Anyways, also, from the sleep state, I tried to log in and when I typed my correct password, it said there was not enough resources to log in another user. I tried and after the third time it logged me in. Is this resource problem because of the heat and things were acting funny, or is it because I went to Start, Switch User a couple times to un freeze my game from alt-tabbing.

The tablet works fine, but that 191 degrees bothers me. I played Far Cry 2 for a half hour just now, with the trainer, and all was fine.

Should I return it because it overheated and had the error logging in, or are these known issues? I have another week to consider keeping this. I know the thermal shut off is designed to prevent damage, but this thing was HOTTTT. Like burn your skin hot.


----------



## topher25 (Sep 28, 2009)

by the way, this screen shot is from today, not when I overheated it. for some reason, the 191 goes away and comes back. if i reset values or shut down, it always still comes back to 191, so it can be an error with HWMonitor. I used this screen to show the 191, but the time it overheated, the processors were much hotter.

This screenshot if after a half hour of playing Far Cry 2, so that is what these temps are from.


----------



## HarvMan (Feb 10, 2008)

Hi, I have a Dell Venue 11 Pro, but have not used for gaming.

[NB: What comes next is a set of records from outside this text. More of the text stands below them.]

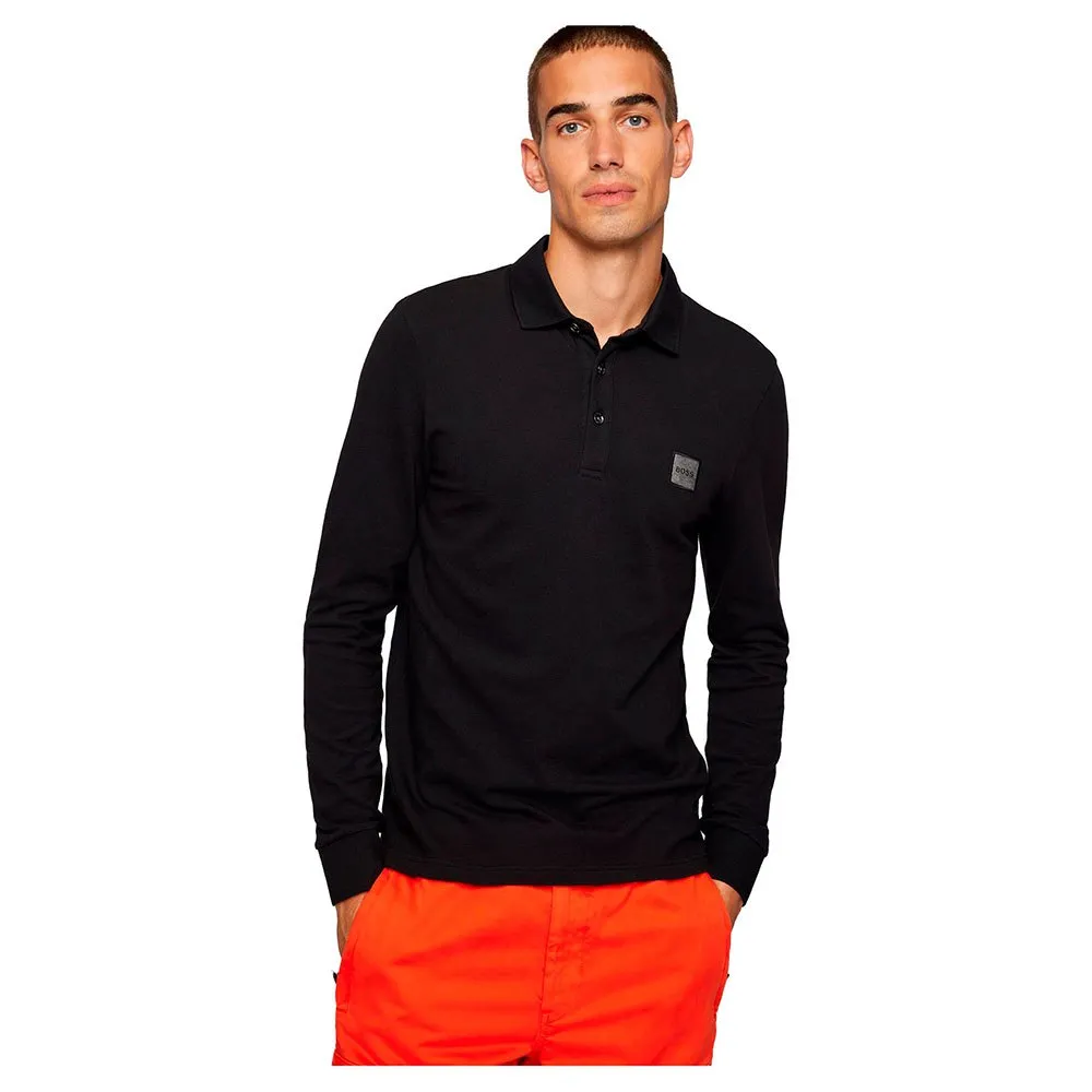 Slim-fit long-sleeved polo shirt with logo badge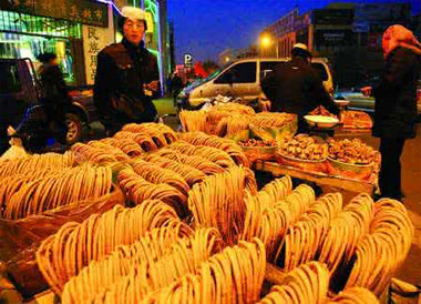 临近古尔邦节三天,家家户户的主妇就忙碌起来了,她们要制作大量的油炸馓子和各种精美点心,为节日期间来家里贺节的亲朋好友和远方的来客准备充足的美食。节日也成为主妇们厨艺与持家德行的\’大展示和大竞赛。
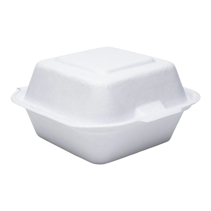 Hinged Sandwich Container, Compostable, 5.7” x 5.7” x 3”

That temperature you mention is incredible, and I doubt accurate.

Please try using Speccy from PiriForm to re-check temperatures: Speccy - System Information - Free Download


----------



## Masterchiefxx17 (Feb 27, 2010)

HWMonitor does at times give false readings on the last CPU temp. Its normal.

However your PC is not nearly powerful enough to play any game with a atom CPU.

Chances are there is not even a fan on the tablet.

If you want to game you will need to get a desktop or laptop.


----------



## topher25 (Sep 28, 2009)

Masterchiefxx17 said:


> HWMonitor does at times give false readings on the last CPU temp. Its normal.
> 
> However your PC is not nearly powerful enough to play any game with a atom CPU.
> 
> ...


not powerful enough to play ANY game? i was playing full games in 2009 on a netbook, lol. This dell played thru Hitman Contracts, Hitman Blood Money, Mafia 1, Minecraft, Terraria, and Starbound, I am sure to try hundreds more.


----------



## Masterchiefxx17 (Feb 27, 2010)

It's plane and simple. Your tablet is not a gaming machine and will not handle any game today.

The games you listed that you have "played" are older and less dependent on performance.

If you wish to continue playing your games then you will need a laptop for desktop with acceptable hardware.


----------